§ **Work required**:
Write down exactly the lines from the one below that has "16X52 MAGNIFICATION: see" to the end of the data, both ends included; the pictures should not appear in your copy.

Data records Start Marker

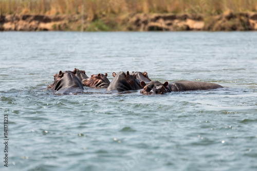 © 안구정화, Fototapeta premium flock of hippos in Zambezi River
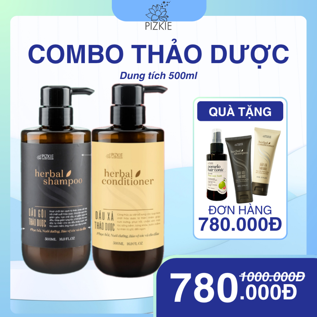 COMBO Dầu Gội Dầu Xả Từ Thiên Nhiên PIZKIE 500ML Giúp Chăm Sóc Da Dầu Chắc Khỏe
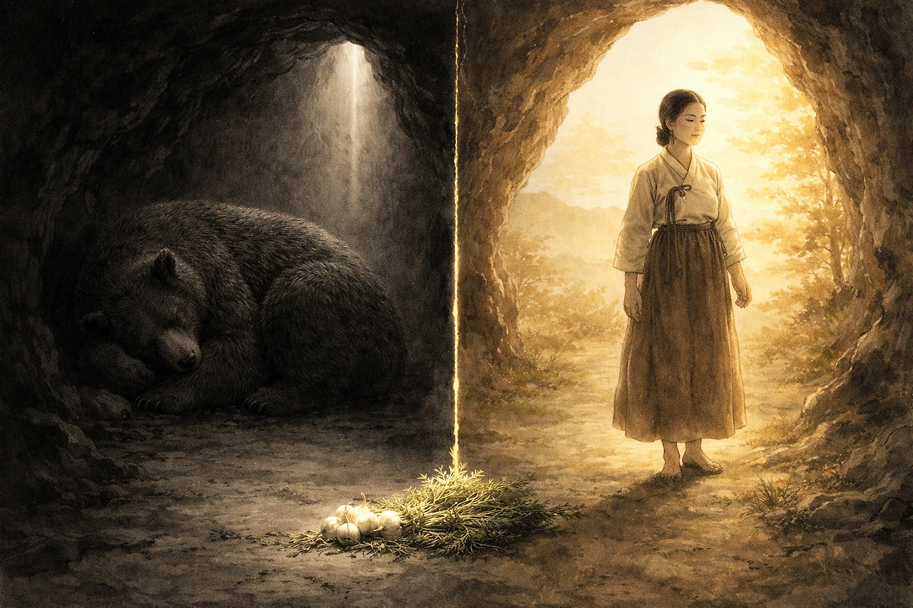 곰과 호랑이가 환웅을 찾아왔다. 인간이 되고 싶다고. 환웅은 조건을 내렸다 — 쑥과 마늘만 먹으며 백일 동안 햇빛을 보지 마라. 그러면 인간이 될 수 있다.
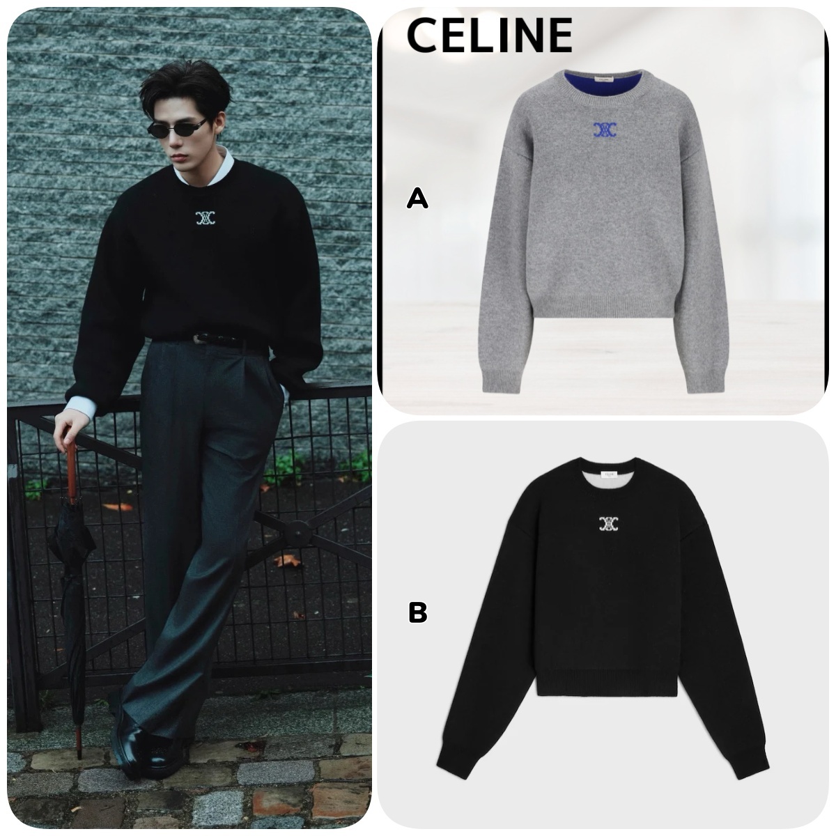 CELINE 徽標緹花圓領羊毛羊絨冷衫
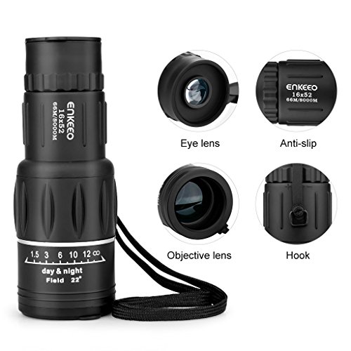 16X52 MAGNIFICATION: see things 16X closer and get clearer and brighter range of view with 52mm lens; this powerful hand held monocular provides the most pleasant and clear view
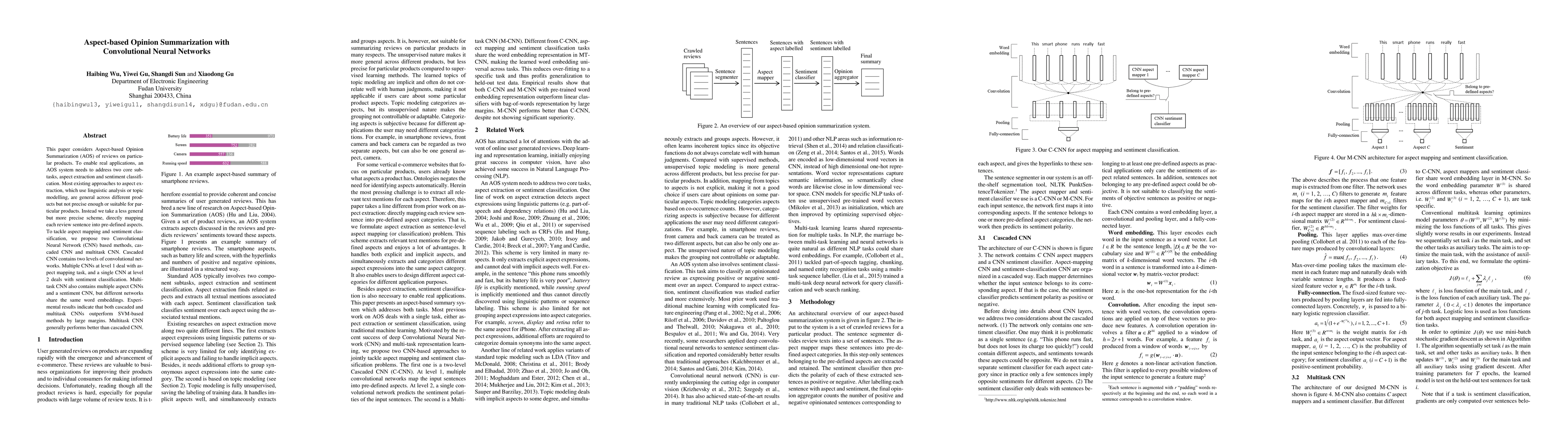 This paper proposes two Convolutional Neural Network (CNN) based methods for Aspect-based Opinion Summarization (AOS), using a cascaded CNN and a multitask CNN to improve aspect extraction and sentiment classification. Both methods outperform traditional SVM-based methods, with the multitask CNN generally achieving better results.

Data records End Marker

§ **Exercise response**:
 16X52 MAGNIFICATION: see things 16X closer and get clearer and brighter range of view with 52mm lens; this powerful hand held monocular provides the most pleasant and clear view
 This paper proposes two Convolutional Neural Network (CNN) based methods for Aspect-based Opinion Summarization (AOS), using a cascaded CNN and a multitask CNN to improve aspect extraction and sentiment classification. Both methods outperform traditional SVM-based methods, with the multitask CNN generally achieving better results.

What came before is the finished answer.